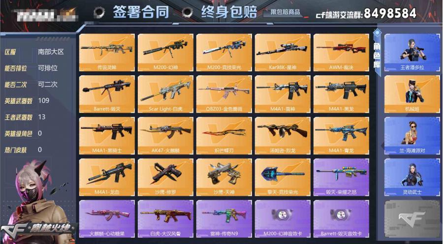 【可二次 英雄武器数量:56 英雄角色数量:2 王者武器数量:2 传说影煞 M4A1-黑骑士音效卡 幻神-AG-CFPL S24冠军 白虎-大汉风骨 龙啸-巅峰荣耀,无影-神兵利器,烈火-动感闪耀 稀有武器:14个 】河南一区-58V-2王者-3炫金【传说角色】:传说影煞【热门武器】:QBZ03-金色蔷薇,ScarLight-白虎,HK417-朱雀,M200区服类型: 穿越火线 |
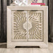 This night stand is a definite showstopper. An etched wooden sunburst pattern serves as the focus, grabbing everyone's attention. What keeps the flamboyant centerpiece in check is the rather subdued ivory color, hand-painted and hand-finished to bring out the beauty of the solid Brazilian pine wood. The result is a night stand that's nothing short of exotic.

...

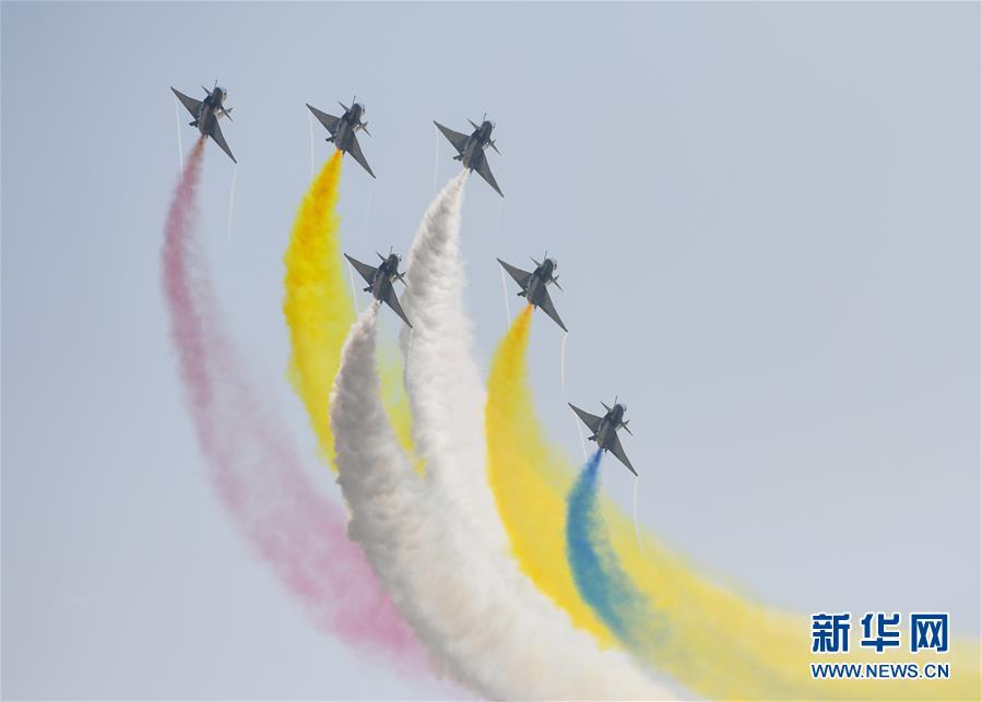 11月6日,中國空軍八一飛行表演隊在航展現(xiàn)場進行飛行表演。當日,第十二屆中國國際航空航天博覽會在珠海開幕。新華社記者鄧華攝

==

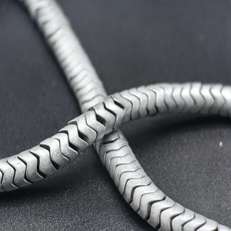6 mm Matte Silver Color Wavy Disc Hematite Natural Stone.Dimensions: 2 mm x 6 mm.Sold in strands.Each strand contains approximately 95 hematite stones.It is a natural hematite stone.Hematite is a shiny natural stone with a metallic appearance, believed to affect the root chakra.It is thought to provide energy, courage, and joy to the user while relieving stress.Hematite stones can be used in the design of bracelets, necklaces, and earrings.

• Task directions
Give exactly the lines above that run from the line with "英雄武器数量:56 英雄角色数量:2 王者武器数量:2" to the line with "This night stand", both included, leaving every picture out.

• Answer to the problem
 【可二次 英雄武器数量:56 英雄角色数量:2 王者武器数量:2 传说影煞 M4A1-黑骑士音效卡 幻神-AG-CFPL S24冠军 白虎-大汉风骨 龙啸-巅峰荣耀,无影-神兵利器,烈火-动感闪耀 稀有武器:14个 】河南一区-58V-2王者-3炫金【传说角色】:传说影煞【热门武器】:QBZ03-金色蔷薇,ScarLight-白虎,HK417-朱雀,M200区服类型: 穿越火线 |
 This night stand is a definite showstopper. An etched wooden sunburst pattern serves as the focus, grabbing everyone's attention. What keeps the flamboyant centerpiece in check is the rather subdued ivory color, hand-painted and hand-finished to bring out the beauty of the solid Brazilian pine wood. The result is a night stand that's nothing short of exotic.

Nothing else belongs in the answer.